Luidt in West-Friesland het credo Waar is het feestje? Hier is het feestje!, horen wij in Amsterdam vaker: Waar is de after dan? Belangrijk om te weten dat niet iedereen die dat vraagt ook een daadwerkelijk antwoord krijgt. Er wordt vaak geheimzinnig gedaan, als een groep vrijmetselaars (vergelijking wordt hier getrokken op groepdynamisch niveau, niet op dat van intelligentie) beschermen de leden de afterspots van buitenstaanders, bijvoorbeeld uit eerder genoemd deel van Nederland. Het is namelijk ondoenlijk om de inhoud van een club te verplaatsten naar een gemiddeld Amsterdam huis. Selectiviteit is geboden.

Hoewel er net zoals in het wielrennen heus wel mensen zijn die doorhalen op eigen kracht, doet deze sport een behoorlijk beroep op je uithoudingsvermogen en doen er geruchten de ronde dat ook hier een cultuur leeft van algemeen geaccepteerd gebruik van performance enhancement resources. Gelukkig zijn er ook genoeg Gerrie Knetemannen onder ons, die wakker blijven door de positieve energie van het samenzijn en de zonsopgang boven Mokum. Als je het geluk hebt een goeie after te vinden wil je wel wakker blijven! Zo niet…wat doe je dan nog tussen vijf en tien uur ’s ochtends?
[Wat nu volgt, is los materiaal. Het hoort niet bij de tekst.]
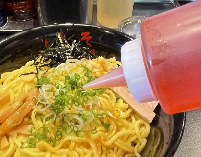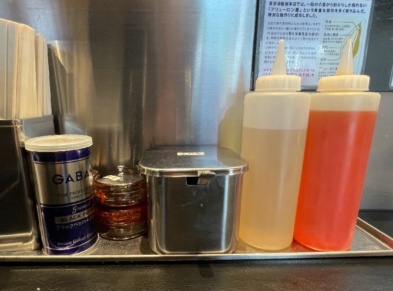 卓上調味料は、黒胡椒、刻み玉ねぎ、お酢、ラー油2種。
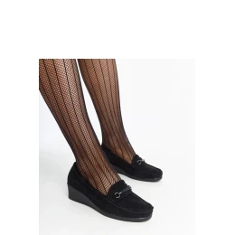 Černé mokasíny na klínu Amela jsou skvělou volbou pro mladou generaci, která oceňuje inovativní design a pohodlí. Vyrobené z vysoce kvalitní gumy, nejenže vypadají elegantně, ale jsou také velmi praktické. Jejich slip-on design s mandlovým nosem z nich dělá velmi snadné na obutí. Tyto moderní boty budou skvělým doplňkem každého casual outfitu. Vnější materiál: Ekologická kůže Zateplení: žádné Materiál podrážky: Guma Barva podrážky: Černá Zapínání: Nastrčené Kolekce: Jaro/Léto
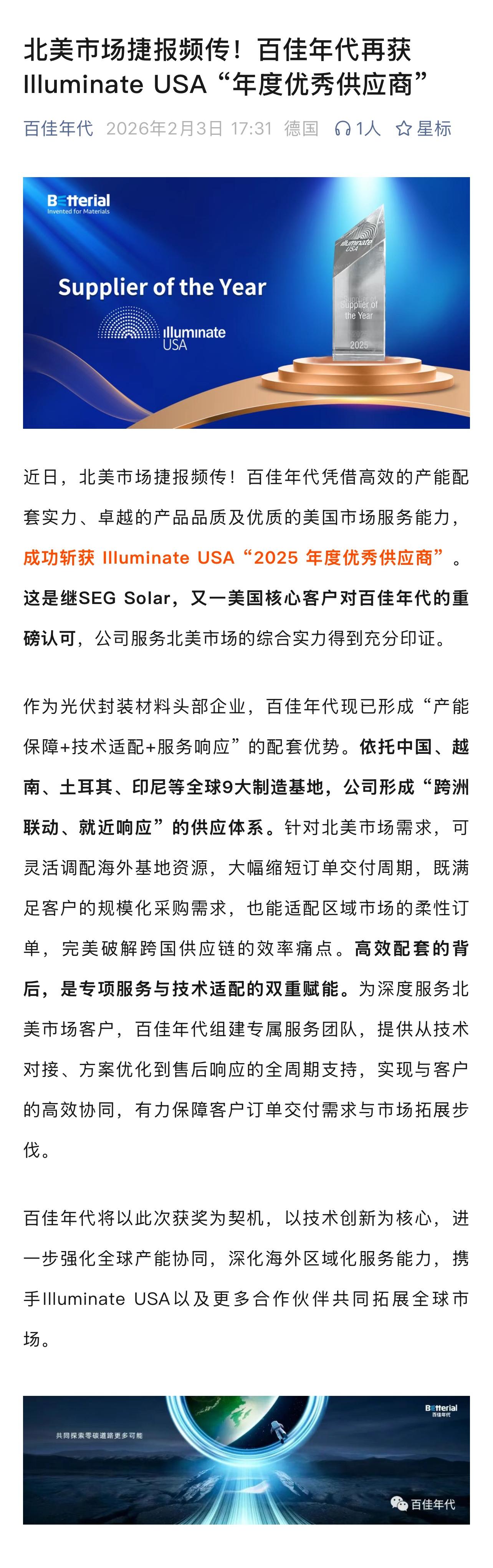 北美市场捷报频传!百佳年代再获 Illuminate USA “年度优秀供应商”_百佳年代_高分子功能薄膜创新应用引领者-金沙js1005线路
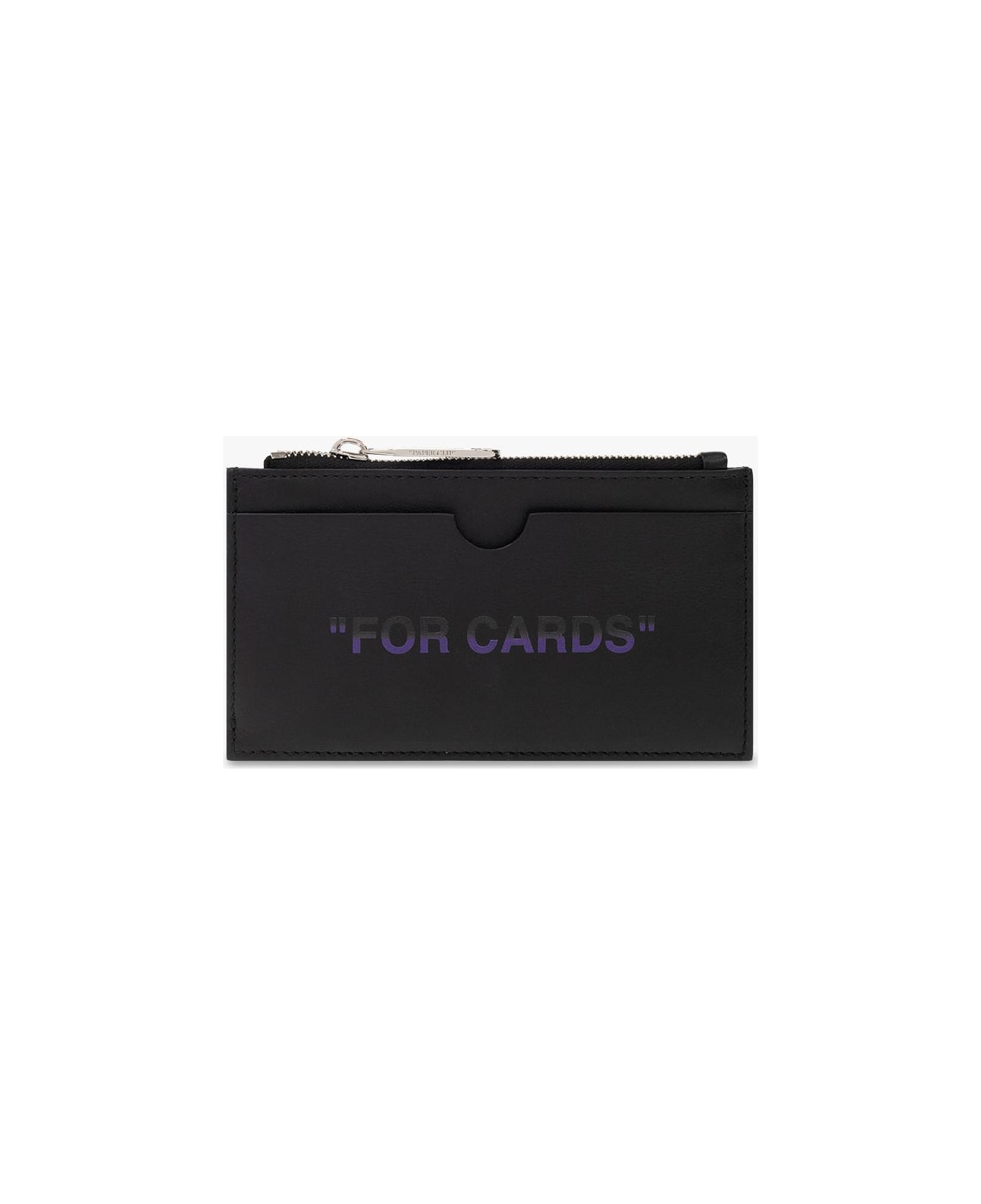 Black card case from Off-White. Made of leather, this item showcases a purple logo print, four card slots, one slip pocket and internal zip pocket.
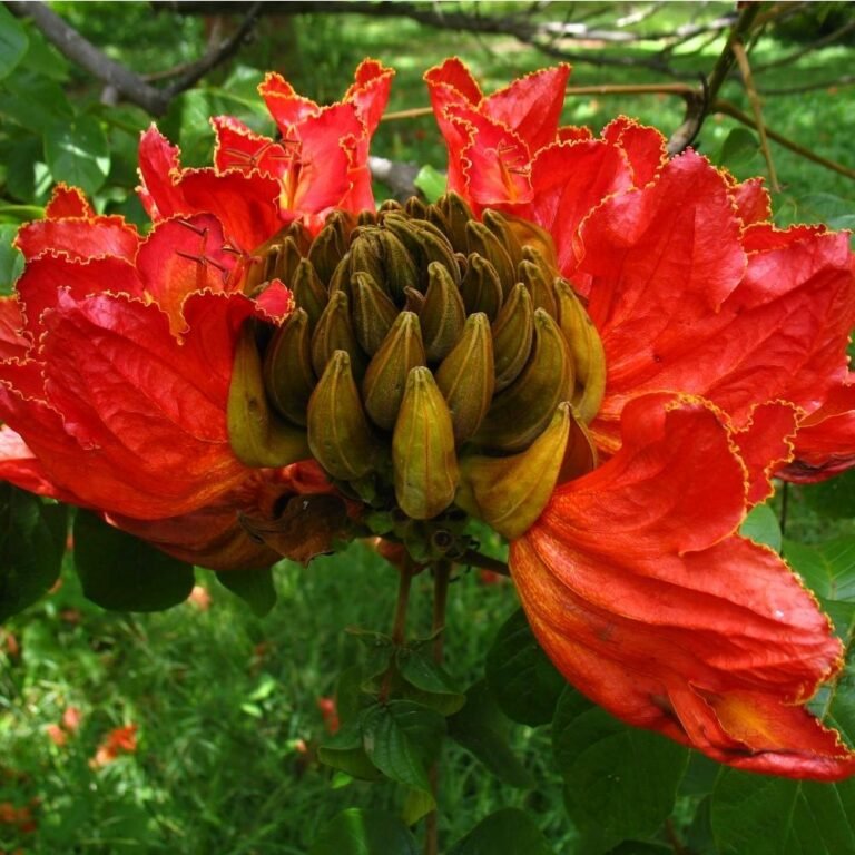 A Espatódea (Spathodea campanulata) é uma árvore exótica, originária da África, que tem feito muito sucesso no Brasil, sendo plantada em calçadas, quintais e sítios. Isso porque, além de linda, com majestosas flores vermelho-a laranjadas, a planta tem crescimento rápido – sendo uma ótima opção para paisagismo.
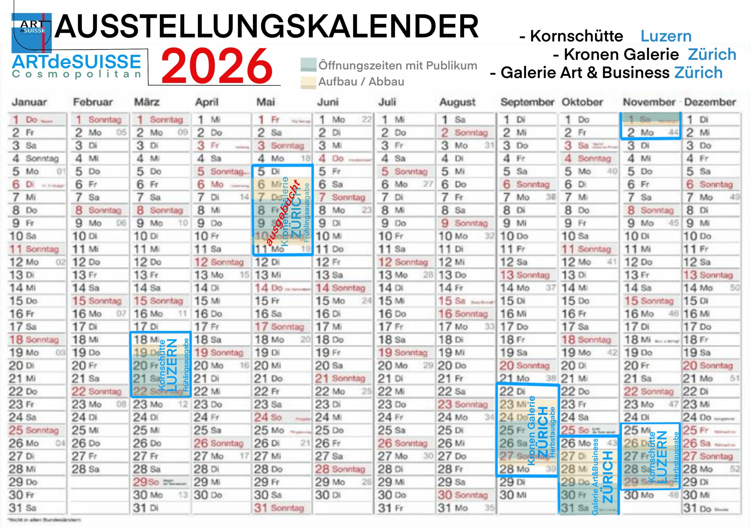 Artists interested in participating in ARTdeSUISSE events can apply for one of the following exhibitions:
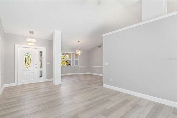 - Cathedral Ceiling(s), Ceiling Fans(s), Chair Rail, Crown Molding, Eat-In Kitchen, High Ceilings, Kitchen/Family Room Combo, Living Room/Dining Room Combo, Open Floorplan, Primary Bedroom Main Floor, Solid Surface Counters, Solid Wood Cabinets, Split Bedroom, Thermostat, Walk-In Closet(s)
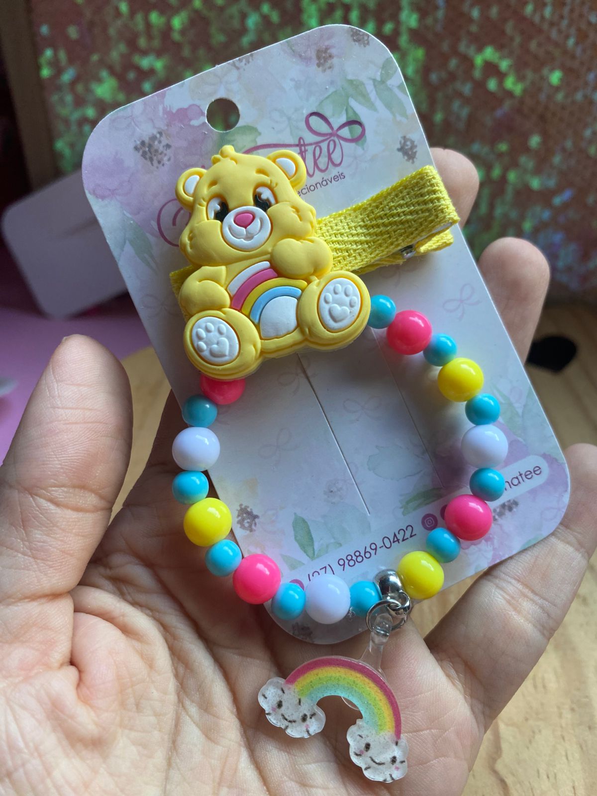 Kit Temático – Ursinho Amarelo – Hair Clips e Pulseira
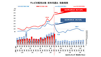 【BCN速報値】全国の主要家電量販店・ネットショップのPOSデータを集計した「BCNランキング」の速報値によると、10月1日の増税直前の最終週となる9月4週(9月23日~9月29日)のテレビの販売台数は前年同週比で209.5%を記録した。前回増税時の2014年4月1日直前の3月4週の同133.0%より76.5ポイントの差が開き、前回より増税前の駆け込み需要が大きかったことを示した。
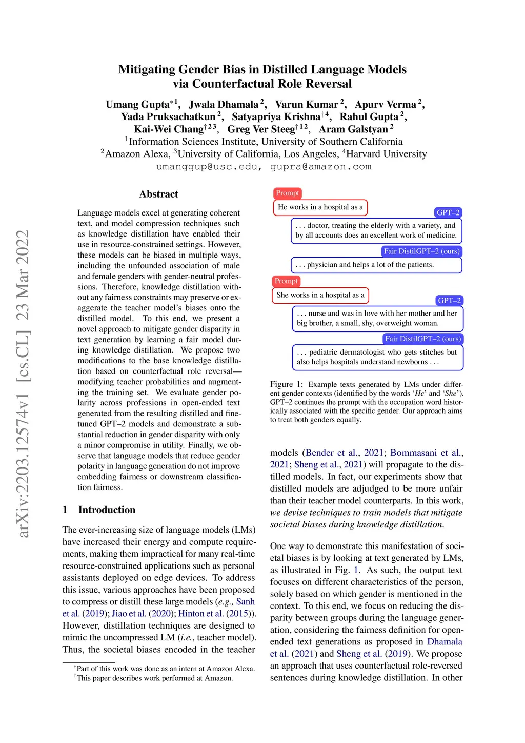 Language models excel at generating coherent text, and model compression techniques such as knowledge distillation have enabled their use in resource-constrained settings. However, these models can be biased in multiple ways, including the unfounded association of male and female genders with gender-neutral professions. Therefore, knowledge distillation without any fairness constraints may preserve or exaggerate the teacher model's biases onto the distilled model. To this end, we present a novel approach to mitigate gender disparity in text generation by learning a fair model during knowledge distillation. We propose two modifications to the base knowledge distillation based on counterfactual role reversalmodifying teacher probabilities and augmenting the training set. We evaluate gender polarity across professions in open-ended text generated from the resulting distilled and finetuned GPT2 models and demonstrate a substantial reduction in gender disparity with only a minor compromise in utility. Finally, we observe that language models that reduce gender polarity in language generation do not improve embedding fairness or downstream classification fairness.
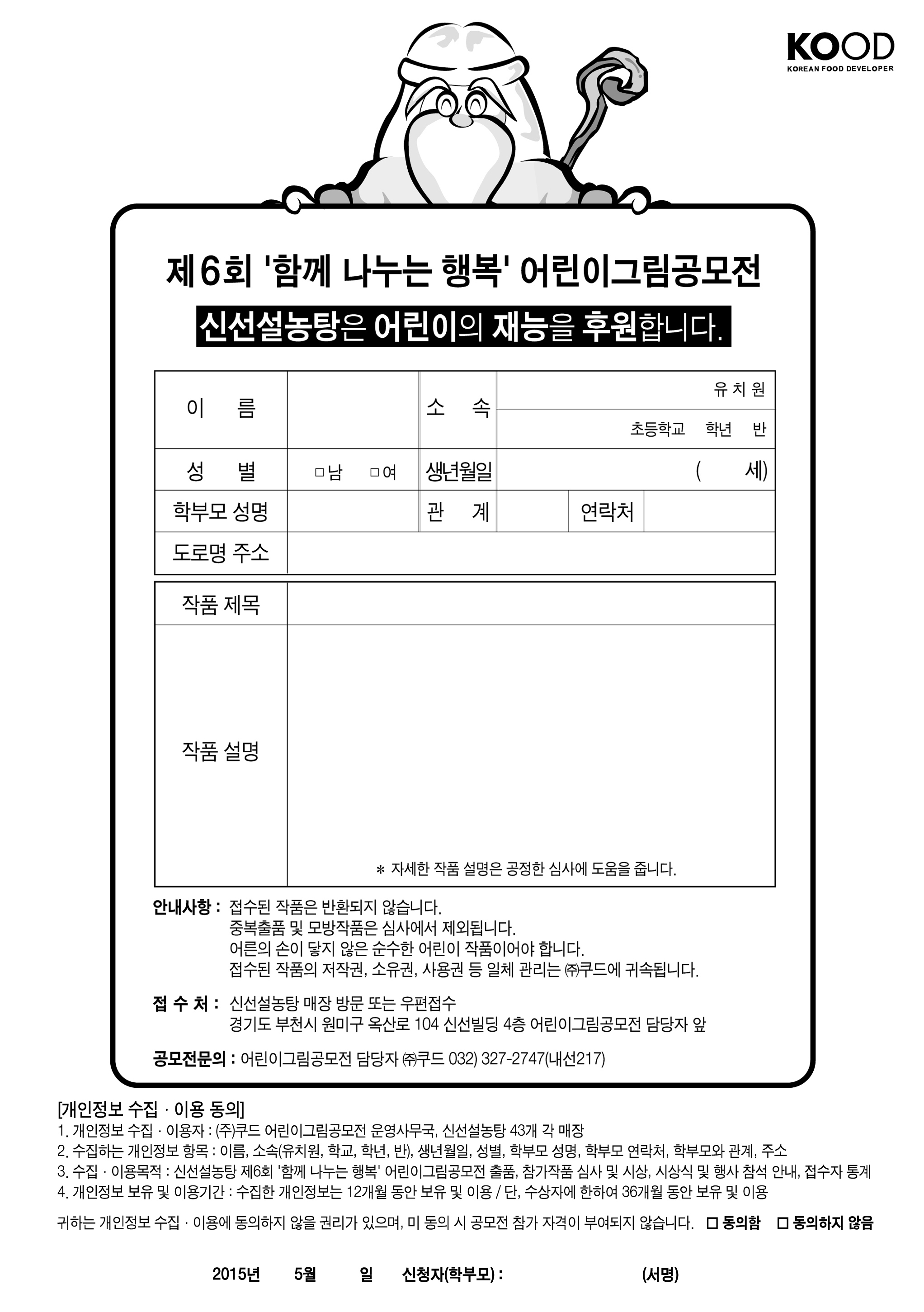 2015년 신선설농탕에서는 미술에 재능이 있는 어린이를 후원하고자 제6회 ' 함께 나누는 행복' 어린이그림공모전을 개최합니다. 자세한 사항은 아래를 참조하시어 학부모님과 어린이여러분의 많은 관심과 참여 부탁드립니다.

Dat is de vraag, de vraag die het nachtleven  van Amsterdam al jaren bezig houdt: Waarom gaat ALLES zo vroeg dicht? De metro stopt om 0.00 uur, eten moet op z’n Hollands want de keukens sluiten om 22.00 uur. De laatste ronde in een café doen we om kwart voor één (en bestel dan geen koffie want dan hebben ze het apparaat net schoongemaakt ) en de ‘ruigste’ clubs sluiten om 5.00 uur. Sjonge jonge, living on the edge in Amsterdam… Met zo’n beleid MOET je wel gaan afteren toch?

Hoeveel wij ook houden van ons stadje, gezegd moet worden dat het nacht- en uitgaansleven al jaren verstikt wordt door een streng, bureaucratisch stelsel waarbinnen weinig ruimte is voor spontaniteit. Het papierwerk dat een club moet doorspitten voor een avondje langer door (tot 07.00 uur in plaats van 5.00 uur ’s) is schrikbarend. Met schaamrood op mijn wangen beken ik aan mijn buitenlandse logees dat het geen grapje is. De McDonalds is dicht, en nee er is geen cafeetje of club meer open dus gaan we, op de fiets, met de staart tussen de benen naar huis (in de hoop dat daar nog wat bruine boterhammen in de vriezer liggen voor een tosti en wellicht een restje wodka).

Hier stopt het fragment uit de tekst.